Task statement » With the pictures removed, set down all of the entries below exactly.

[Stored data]
********
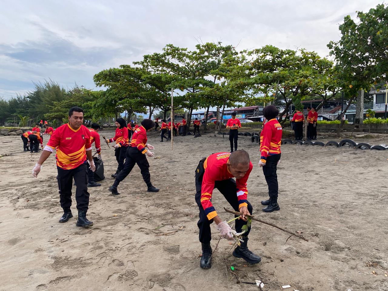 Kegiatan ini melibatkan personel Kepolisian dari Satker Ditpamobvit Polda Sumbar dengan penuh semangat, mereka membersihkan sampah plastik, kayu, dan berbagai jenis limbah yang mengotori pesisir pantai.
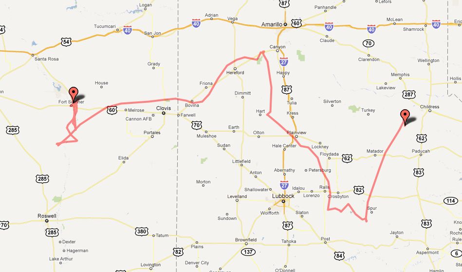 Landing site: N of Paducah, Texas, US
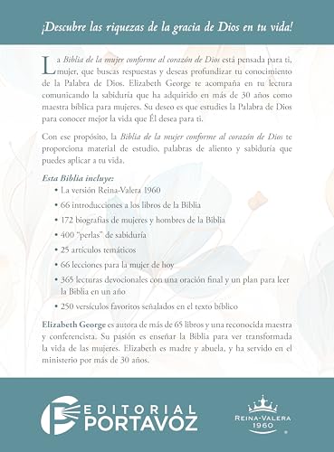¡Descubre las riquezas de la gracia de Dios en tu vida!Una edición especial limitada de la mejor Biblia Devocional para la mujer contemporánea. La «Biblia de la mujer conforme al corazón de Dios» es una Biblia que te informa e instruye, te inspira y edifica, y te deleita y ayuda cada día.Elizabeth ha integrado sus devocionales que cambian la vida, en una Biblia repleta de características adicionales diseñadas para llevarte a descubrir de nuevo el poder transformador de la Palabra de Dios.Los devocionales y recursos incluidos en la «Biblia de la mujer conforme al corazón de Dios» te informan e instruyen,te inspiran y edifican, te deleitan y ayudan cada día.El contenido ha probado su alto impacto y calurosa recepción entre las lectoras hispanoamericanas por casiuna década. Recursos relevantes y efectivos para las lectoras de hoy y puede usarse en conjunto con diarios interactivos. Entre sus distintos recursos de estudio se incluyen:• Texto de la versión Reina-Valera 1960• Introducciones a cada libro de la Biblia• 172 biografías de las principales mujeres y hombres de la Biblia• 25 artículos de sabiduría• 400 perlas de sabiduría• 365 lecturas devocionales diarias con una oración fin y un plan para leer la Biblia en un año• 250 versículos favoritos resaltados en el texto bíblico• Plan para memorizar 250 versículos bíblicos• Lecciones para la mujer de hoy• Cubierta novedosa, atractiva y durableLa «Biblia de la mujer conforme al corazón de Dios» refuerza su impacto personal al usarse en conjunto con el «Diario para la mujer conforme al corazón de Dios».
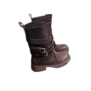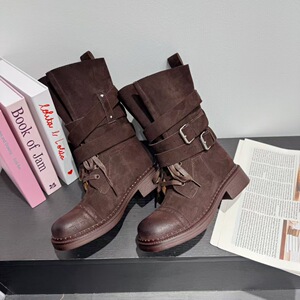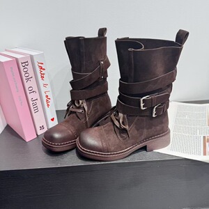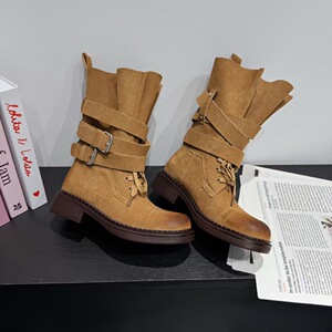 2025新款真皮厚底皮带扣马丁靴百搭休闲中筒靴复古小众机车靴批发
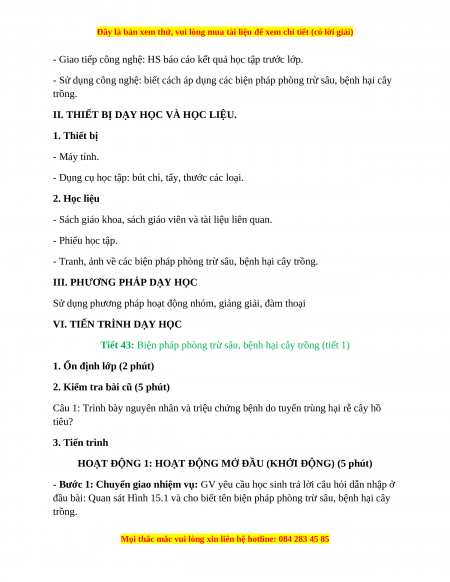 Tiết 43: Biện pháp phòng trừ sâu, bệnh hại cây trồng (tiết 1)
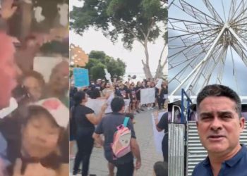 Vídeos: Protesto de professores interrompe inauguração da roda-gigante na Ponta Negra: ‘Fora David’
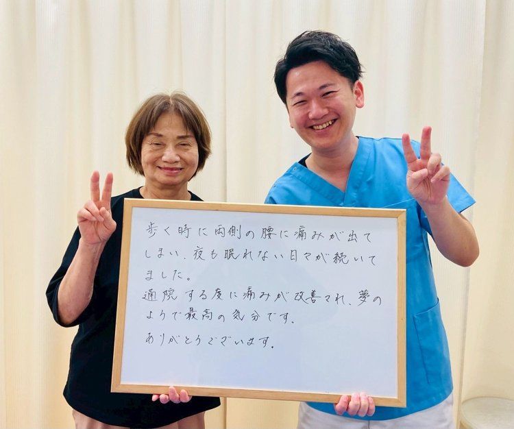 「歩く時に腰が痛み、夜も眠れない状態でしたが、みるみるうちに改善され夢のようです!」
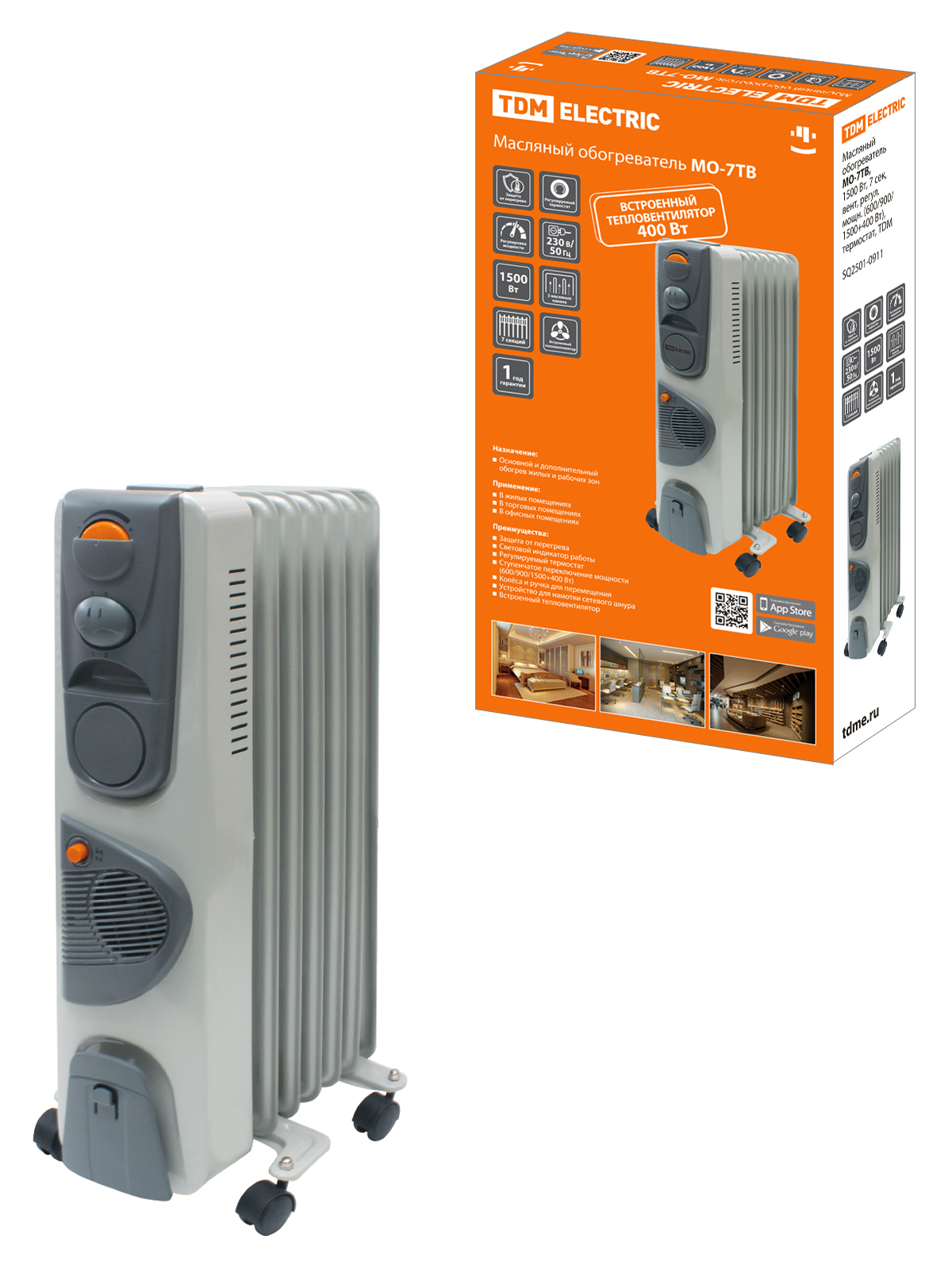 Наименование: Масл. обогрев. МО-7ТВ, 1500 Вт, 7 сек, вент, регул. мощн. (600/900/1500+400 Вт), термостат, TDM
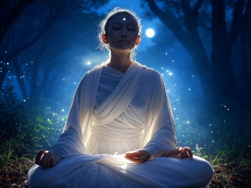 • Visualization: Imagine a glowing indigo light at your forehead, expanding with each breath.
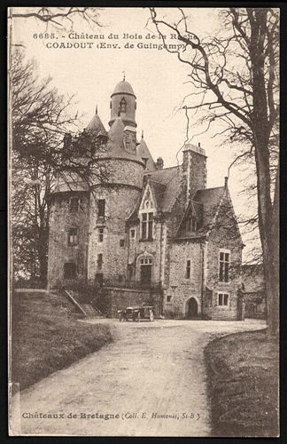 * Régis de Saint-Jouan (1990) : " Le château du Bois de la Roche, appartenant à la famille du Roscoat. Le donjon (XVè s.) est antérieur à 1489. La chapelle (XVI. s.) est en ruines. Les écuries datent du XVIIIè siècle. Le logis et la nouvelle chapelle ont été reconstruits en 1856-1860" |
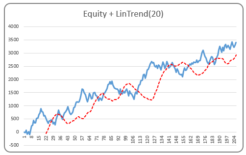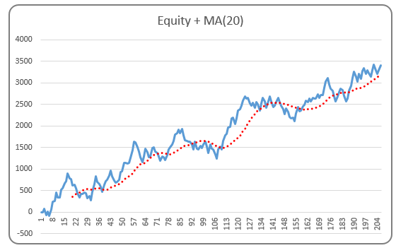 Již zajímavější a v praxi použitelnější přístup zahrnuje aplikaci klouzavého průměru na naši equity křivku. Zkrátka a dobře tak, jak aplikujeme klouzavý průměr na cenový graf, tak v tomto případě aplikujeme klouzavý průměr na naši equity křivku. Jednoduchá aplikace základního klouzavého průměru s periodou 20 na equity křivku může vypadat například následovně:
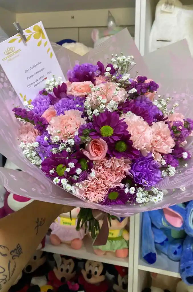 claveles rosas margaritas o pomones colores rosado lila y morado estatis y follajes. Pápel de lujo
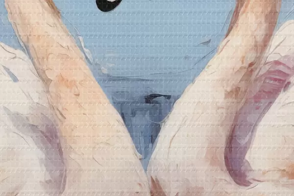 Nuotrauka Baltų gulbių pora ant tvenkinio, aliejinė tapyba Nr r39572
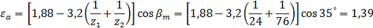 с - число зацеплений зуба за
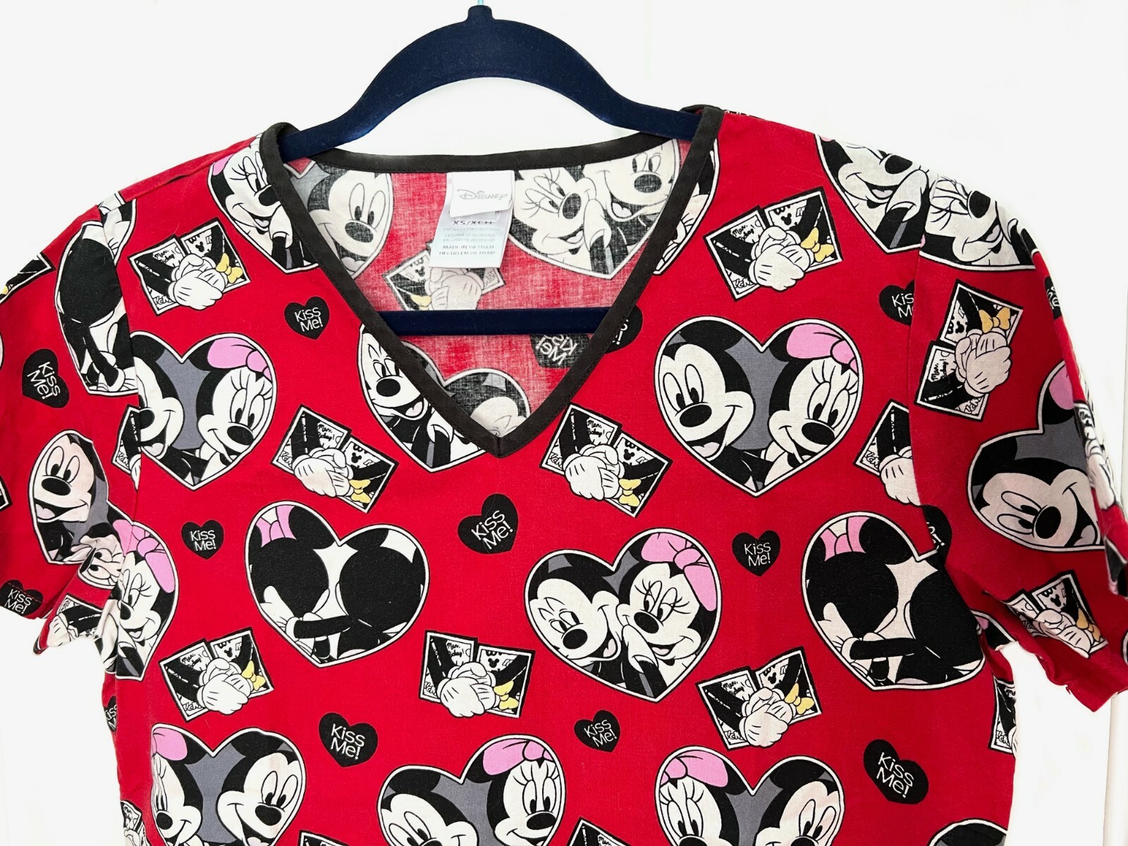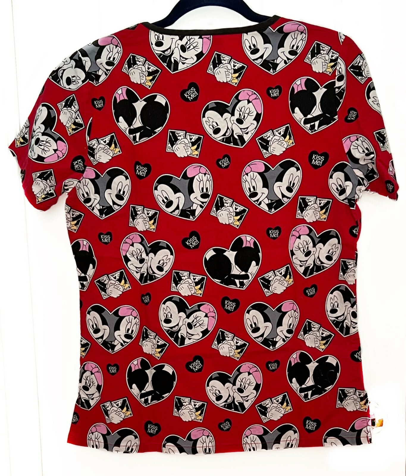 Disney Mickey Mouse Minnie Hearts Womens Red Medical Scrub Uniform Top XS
********
Exercise response »
 Kegiatan ini melibatkan personel Kepolisian dari Satker Ditpamobvit Polda Sumbar dengan penuh semangat, mereka membersihkan sampah plastik, kayu, dan berbagai jenis limbah yang mengotori pesisir pantai.
 Landing site: N of Paducah, Texas, US
¡Descubre las riquezas de la gracia de Dios en tu vida!Una edición especial limitada de la mejor Biblia Devocional para la mujer contemporánea. La «Biblia de la mujer conforme al corazón de Dios» es una Biblia que te informa e instruye, te inspira y edifica, y te deleita y ayuda cada día.Elizabeth ha integrado sus devocionales que cambian la vida, en una Biblia repleta de características adicionales diseñadas para llevarte a descubrir de nuevo el poder transformador de la Palabra de Dios.Los devocionales y recursos incluidos en la «Biblia de la mujer conforme al corazón de Dios» te informan e instruyen,te inspiran y edifican, te deleitan y ayudan cada día.El contenido ha probado su alto impacto y calurosa recepción entre las lectoras hispanoamericanas por casiuna década. Recursos relevantes y efectivos para las lectoras de hoy y puede usarse en conjunto con diarios interactivos. Entre sus distintos recursos de estudio se incluyen:• Texto de la versión Reina-Valera 1960• Introducciones a cada libro de la Biblia• 172 biografías de las principales mujeres y hombres de la Biblia• 25 artículos de sabiduría• 400 perlas de sabiduría• 365 lecturas devocionales diarias con una oración fin y un plan para leer la Biblia en un año• 250 versículos favoritos resaltados en el texto bíblico• Plan para memorizar 250 versículos bíblicos• Lecciones para la mujer de hoy• Cubierta novedosa, atractiva y durableLa «Biblia de la mujer conforme al corazón de Dios» refuerza su impacto personal al usarse en conjunto con el «Diario para la mujer conforme al corazón de Dios».
 2025新款真皮厚底皮带扣马丁靴百搭休闲中筒靴复古小众机车靴批发
 Tiết 43: Biện pháp phòng trừ sâu, bệnh hại cây trồng (tiết 1)
 Vídeos: Protesto de professores interrompe inauguração da roda-gigante na Ponta Negra: ‘Fora David’
 「歩く時に腰が痛み、夜も眠れない状態でしたが、みるみるうちに改善され夢のようです!」
 Наименование: Масл. обогрев. МО-7ТВ, 1500 Вт, 7 сек, вент, регул. мощн. (600/900/1500+400 Вт), термостат, TDM
 • Visualization: Imagine a glowing indigo light at your forehead, expanding with each breath.
 * Régis de Saint-Jouan (1990) : " Le château du Bois de la Roche, appartenant à la famille du Roscoat. Le donjon (XVè s.) est antérieur à 1489. La chapelle (XVI. s.) est en ruines. Les écuries datent du XVIIIè siècle. Le logis et la nouvelle chapelle ont été reconstruits en 1856-1860" |
 Již zajímavější a v praxi použitelnější přístup zahrnuje aplikaci klouzavého průměru na naši equity křivku. Zkrátka a dobře tak, jak aplikujeme klouzavý průměr na cenový graf, tak v tomto případě aplikujeme klouzavý průměr na naši equity křivku. Jednoduchá aplikace základního klouzavého průměru s periodou 20 na equity křivku může vypadat například následovně:
 claveles rosas margaritas o pomones colores rosado lila y morado estatis y follajes. Pápel de lujo
 Nuotrauka Baltų gulbių pora ant tvenkinio, aliejinė tapyba Nr r39572
 с - число зацеплений зуба за
 Disney Mickey Mouse Minnie Hearts Womens Red Medical Scrub Uniform Top XS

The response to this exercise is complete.